The records:
==================================================

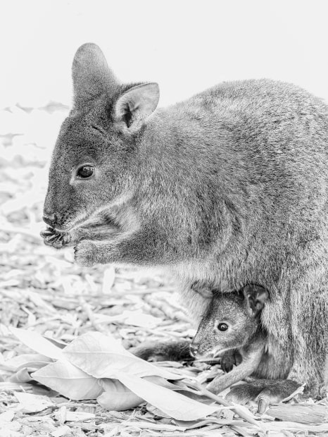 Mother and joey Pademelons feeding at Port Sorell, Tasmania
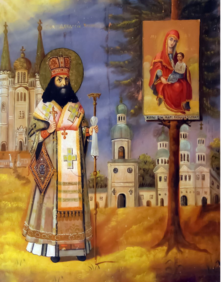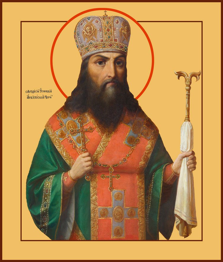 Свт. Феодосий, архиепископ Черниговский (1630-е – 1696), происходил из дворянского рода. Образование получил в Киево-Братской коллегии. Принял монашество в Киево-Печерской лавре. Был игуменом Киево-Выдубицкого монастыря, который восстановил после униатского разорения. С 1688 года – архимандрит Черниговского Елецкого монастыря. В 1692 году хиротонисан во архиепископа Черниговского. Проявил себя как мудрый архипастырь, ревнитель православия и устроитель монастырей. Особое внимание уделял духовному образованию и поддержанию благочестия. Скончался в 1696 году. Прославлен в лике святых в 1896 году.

==================================================

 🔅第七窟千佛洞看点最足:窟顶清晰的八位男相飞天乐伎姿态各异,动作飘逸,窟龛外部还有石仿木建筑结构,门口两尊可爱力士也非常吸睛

==================================================

Task objective:
What you write must match the listing exactly, from the line with "Mother and joey" up to and including the line with "Свт. Феодосий, архиепископ". Pictures stay out.

Your solution:
 Mother and joey Pademelons feeding at Port Sorell, Tasmania
 Свт. Феодосий, архиепископ Черниговский (1630-е – 1696), происходил из дворянского рода. Образование получил в Киево-Братской коллегии. Принял монашество в Киево-Печерской лавре. Был игуменом Киево-Выдубицкого монастыря, который восстановил после униатского разорения. С 1688 года – архимандрит Черниговского Елецкого монастыря. В 1692 году хиротонисан во архиепископа Черниговского. Проявил себя как мудрый архипастырь, ревнитель православия и устроитель монастырей. Особое внимание уделял духовному образованию и поддержанию благочестия. Скончался в 1696 году. Прославлен в лике святых в 1896 году.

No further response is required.